(Exercise prompt):
Every line of the material below should be output exactly as written, with the images skipped.

(Entries shown):
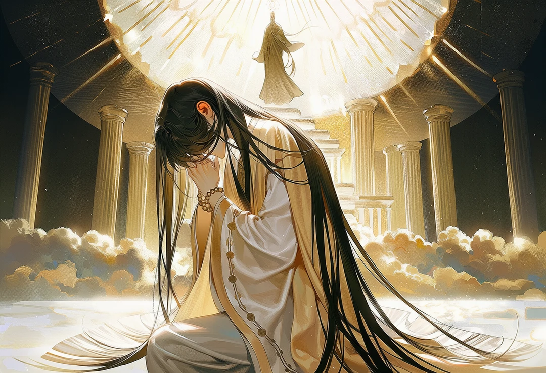ㅤ ㅤ 장안의 새벽은 아직 색을 갖지 못한 채, 회색 숨을 내쉬고 있었다. 사찰의 문이 열리는 소리는 유난히 또렷했다. 삼장법사는 지팡이를 들고 천천히 문지방을 넘었다. 밤새 이어진 사색은 그의 눈동자 깊숙이 가라앉아 있었다. ㅤ ㅤ 어디로 가야 하는지, 누구를 만나야 하는지. 명확한 말은 없었다. 그럼에도 발걸음은 망설임 없이 이어졌다. 마치 오래전부터 정해진 길을 이제야 다시 밟는 사람처럼. ㅤ ㅤ 장안의 거리는 고요했고, 공기는 차갑게 맑았다. 사람 하나 없는 길 위에서, 그의 발소리만이 규칙적으로 울렸다. 그 소리는 점점 더 가벼워졌다. 흙을 밟는 감각이 흐릿해지고, 바람이 옷자락을 스치며 방향을 바꾸었다. ㅤ ㅤ 그는 어느 순간 멈췄다. 눈앞에 펼쳐진 풍경은 더 이상 장안이 아니었다. 구름이 바닥처럼 깔려 있었고, 하늘은 머리 위가 아니라 사방에서 숨을 쉬고 있었다. 경계는 사라지고, 위와 아래는 서로 닮아있었다. ㅤ ㅤ 그 중앙에, 형체를 분명히 드러내지 않는 위엄이 서 있었다. 옥황상제라 불리는 존재는 인간의 눈으로 온전히 담을 수 없는 방식으로 그 자리에 있었다. 빛도 아니고, 그림자도 아니었지만, 그럼에도 삼장법사는 말없이 무릎을 꿇었다. ㅤ ㅤ 침묵이 먼저 내려왔다. 그 침묵은 단순한 정적이 아니었다. 온 세계가 숨을 죽이고 귀를 기울이는 순간이었다. 그때, 목소리가 들렸다. 소리가 아니라, 의미가 직접 가슴에 닿는 방식으로 말이다. ㅤ ㅤ "동쪽의 인간 세상에는 아직 완전한 법이 닿지 않았다."
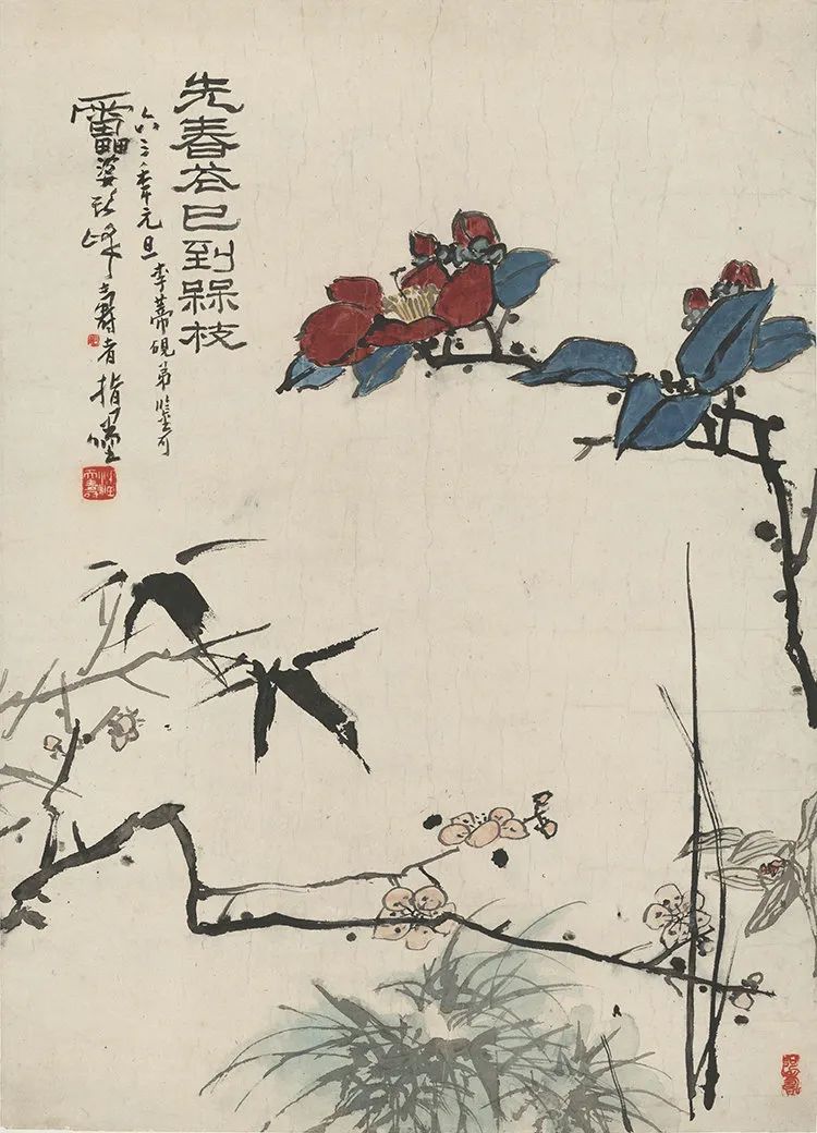 潘天寿 先春花已到梅枝
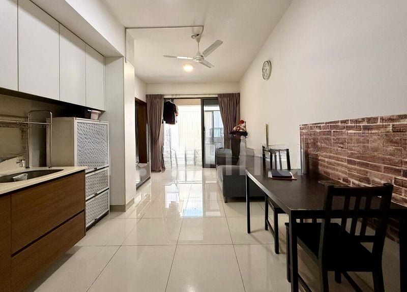 Step into a beautifully maintained unit at The Miltonia Residences, where modern minimalist design meets functional living. The open-concept living room invites you in with large format tiled flooring and a refreshing ceiling fan, seamlessly connecting to a private balcony that offers a tranquil outdoor escape. The subtle brick-patterned accent wall in the dining area adds a touch of character, while natural light filters through, creating a warm and inviting ambiance.
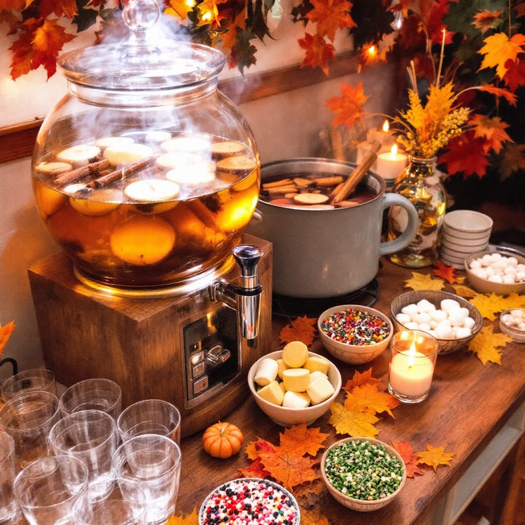 No fall party is complete without the right beverages. Set up a drink station with a variety of options to suit every guest. A large dispenser of apple cider is a must, and you can offer both a non-alcoholic warm cider and a batch of spiked cider for the adults. Mulled wine is another excellent choice, filling your home with the festive scent of spices. Don't forget a hot chocolate bar with marshmallows, whipped cream, and sprinkles for the kids (and kids at heart).
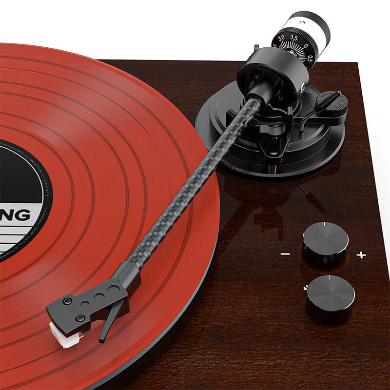 The precision-engineered carbon fiber tonearm offers accurate tracking with excellent vibration resistance, ensuring unmatched audio clarity. With adjustable counterweight and anti-skating, it delivers flawless playback every time.
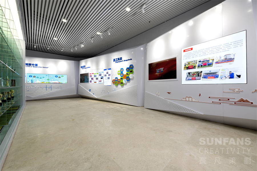 考慮到展廳空間的特殊性,在設(shè)計上我們盡量根據(jù)原空間特點,做到合理利用、節(jié)約成本,并應(yīng)用創(chuàng)新方式改變簡單羅列的展陳模式,針對不同場地特性賦予展區(qū)多元化特點。
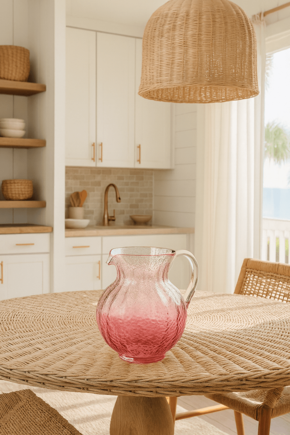 Possui capacidade generosa e alça ergonômica para fácil manuseio. Leve e durável, é perfeita para água, sucos, chás gelados ou coquetéis, além de ser fácil de limpar e ideal para ambientes internos e externos.
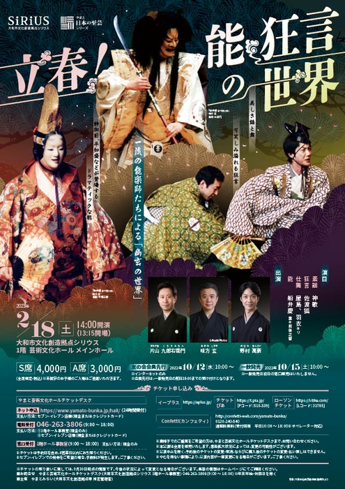 やまと芸術文化ホールで初の能楽・狂言公演『立春!能・狂言の世界』開催決定 出演に片山九郎右衛門・味方 玄・野村萬斎ほか カンフェティでチケット発売
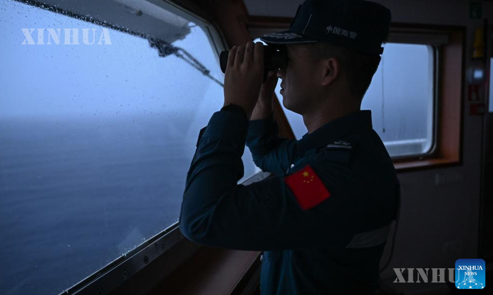 A law enforcer observes on the China Coast Guard (CCG) vessel Huangyan during a patrol mission in the territorial waters of China’s Huangyan Dao, Nov. 22, 2025. (Xinhua/Bei He)
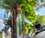 Lumajang – Tim Ruang Terbuka Hijau (RTH) Dinas Lingkungan Hidup Kabupaten Lumajang melakukan penyiraman bunga anggrek tanduk rusa, yang merupakan salah satu flora yang menghiasi Alun-alun Lumajang.
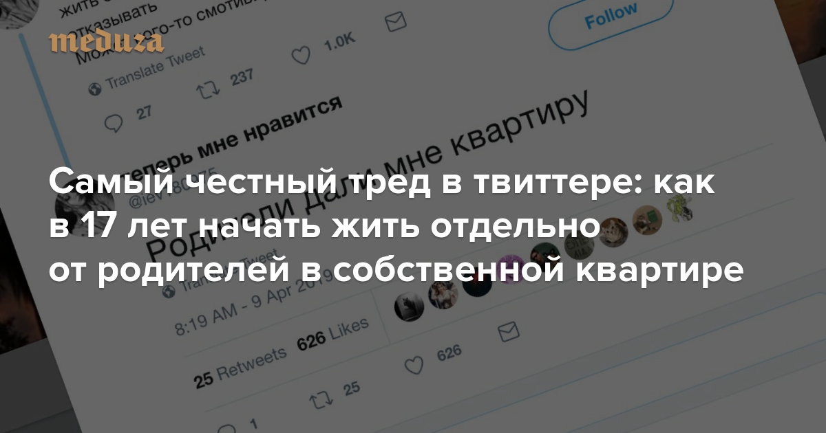 Самый честный тред в твиттере: как в 17 лет начать жить отдельно от родителей в собственной квартире
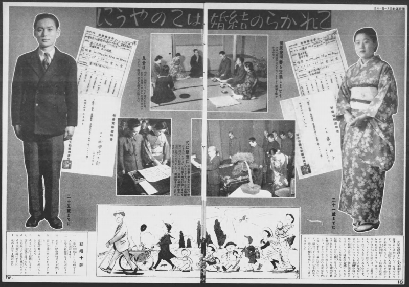 「人口の増加を図るには、まづ出生数を増加する必要がある。出生の増加を図るには、まづ結婚を促進する必要がある」(安井洋『結婚新道』広文堂、1942年、6頁)ということで、国を挙げての結婚奨励が行われるようになったのです。
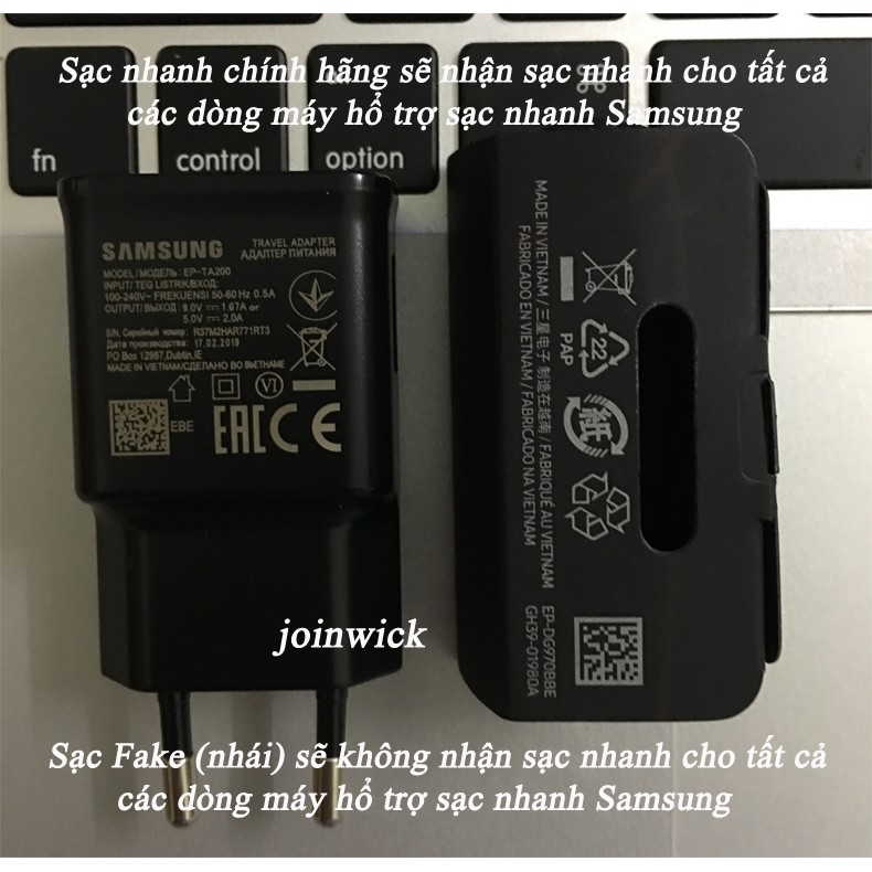 + Đối với sạc nhanh chính hãng, bạn cắm vô tất cả các dòng máy hổ trợ sạc nhanh thì phải nhận sạc nhanh. Còn sạc Fake (nhái) chỉ nhận sạc nhanh trên các dòng máy phổ biết như S9/S9 Plus/S8/S8 Plus/S7/S7 Edge/S6/Note 5, sạc Fake (nhái) khi cắm vào các dòng máy hổ trợ sạc nhanh khác như A50, A50s, A51, A30, A30S, A31, A20, A21, A21s, A9 Pro, C9, A5 2017, A7 2017, A5 2016, A7 2016 sẽ không nhận sạc nhanh.Cách khác các bạn lấy cục sạc nhanh cắm vào đế sạc không dây của.

(Output for this exercise):
ㅤ ㅤ 장안의 새벽은 아직 색을 갖지 못한 채, 회색 숨을 내쉬고 있었다. 사찰의 문이 열리는 소리는 유난히 또렷했다. 삼장법사는 지팡이를 들고 천천히 문지방을 넘었다. 밤새 이어진 사색은 그의 눈동자 깊숙이 가라앉아 있었다. ㅤ ㅤ 어디로 가야 하는지, 누구를 만나야 하는지. 명확한 말은 없었다. 그럼에도 발걸음은 망설임 없이 이어졌다. 마치 오래전부터 정해진 길을 이제야 다시 밟는 사람처럼. ㅤ ㅤ 장안의 거리는 고요했고, 공기는 차갑게 맑았다. 사람 하나 없는 길 위에서, 그의 발소리만이 규칙적으로 울렸다. 그 소리는 점점 더 가벼워졌다. 흙을 밟는 감각이 흐릿해지고, 바람이 옷자락을 스치며 방향을 바꾸었다. ㅤ ㅤ 그는 어느 순간 멈췄다. 눈앞에 펼쳐진 풍경은 더 이상 장안이 아니었다. 구름이 바닥처럼 깔려 있었고, 하늘은 머리 위가 아니라 사방에서 숨을 쉬고 있었다. 경계는 사라지고, 위와 아래는 서로 닮아있었다. ㅤ ㅤ 그 중앙에, 형체를 분명히 드러내지 않는 위엄이 서 있었다. 옥황상제라 불리는 존재는 인간의 눈으로 온전히 담을 수 없는 방식으로 그 자리에 있었다. 빛도 아니고, 그림자도 아니었지만, 그럼에도 삼장법사는 말없이 무릎을 꿇었다. ㅤ ㅤ 침묵이 먼저 내려왔다. 그 침묵은 단순한 정적이 아니었다. 온 세계가 숨을 죽이고 귀를 기울이는 순간이었다. 그때, 목소리가 들렸다. 소리가 아니라, 의미가 직접 가슴에 닿는 방식으로 말이다. ㅤ ㅤ "동쪽의 인간 세상에는 아직 완전한 법이 닿지 않았다."
 潘天寿 先春花已到梅枝
 Step into a beautifully maintained unit at The Miltonia Residences, where modern minimalist design meets functional living. The open-concept living room invites you in with large format tiled flooring and a refreshing ceiling fan, seamlessly connecting to a private balcony that offers a tranquil outdoor escape. The subtle brick-patterned accent wall in the dining area adds a touch of character, while natural light filters through, creating a warm and inviting ambiance.
 No fall party is complete without the right beverages. Set up a drink station with a variety of options to suit every guest. A large dispenser of apple cider is a must, and you can offer both a non-alcoholic warm cider and a batch of spiked cider for the adults. Mulled wine is another excellent choice, filling your home with the festive scent of spices. Don't forget a hot chocolate bar with marshmallows, whipped cream, and sprinkles for the kids (and kids at heart).
 The precision-engineered carbon fiber tonearm offers accurate tracking with excellent vibration resistance, ensuring unmatched audio clarity. With adjustable counterweight and anti-skating, it delivers flawless playback every time.
 考慮到展廳空間的特殊性,在設(shè)計上我們盡量根據(jù)原空間特點,做到合理利用、節(jié)約成本,并應(yīng)用創(chuàng)新方式改變簡單羅列的展陳模式,針對不同場地特性賦予展區(qū)多元化特點。
 Possui capacidade generosa e alça ergonômica para fácil manuseio. Leve e durável, é perfeita para água, sucos, chás gelados ou coquetéis, além de ser fácil de limpar e ideal para ambientes internos e externos.
 やまと芸術文化ホールで初の能楽・狂言公演『立春!能・狂言の世界』開催決定 出演に片山九郎右衛門・味方 玄・野村萬斎ほか カンフェティでチケット発売
 A law enforcer observes on the China Coast Guard (CCG) vessel Huangyan during a patrol mission in the territorial waters of China’s Huangyan Dao, Nov. 22, 2025. (Xinhua/Bei He)
 Lumajang – Tim Ruang Terbuka Hijau (RTH) Dinas Lingkungan Hidup Kabupaten Lumajang melakukan penyiraman bunga anggrek tanduk rusa, yang merupakan salah satu flora yang menghiasi Alun-alun Lumajang.
 Самый честный тред в твиттере: как в 17 лет начать жить отдельно от родителей в собственной квартире
 「人口の増加を図るには、まづ出生数を増加する必要がある。出生の増加を図るには、まづ結婚を促進する必要がある」(安井洋『結婚新道』広文堂、1942年、6頁)ということで、国を挙げての結婚奨励が行われるようになったのです。
 + Đối với sạc nhanh chính hãng, bạn cắm vô tất cả các dòng máy hổ trợ sạc nhanh thì phải nhận sạc nhanh. Còn sạc Fake (nhái) chỉ nhận sạc nhanh trên các dòng máy phổ biết như S9/S9 Plus/S8/S8 Plus/S7/S7 Edge/S6/Note 5, sạc Fake (nhái) khi cắm vào các dòng máy hổ trợ sạc nhanh khác như A50, A50s, A51, A30, A30S, A31, A20, A21, A21s, A9 Pro, C9, A5 2017, A7 2017, A5 2016, A7 2016 sẽ không nhận sạc nhanh.Cách khác các bạn lấy cục sạc nhanh cắm vào đế sạc không dây của.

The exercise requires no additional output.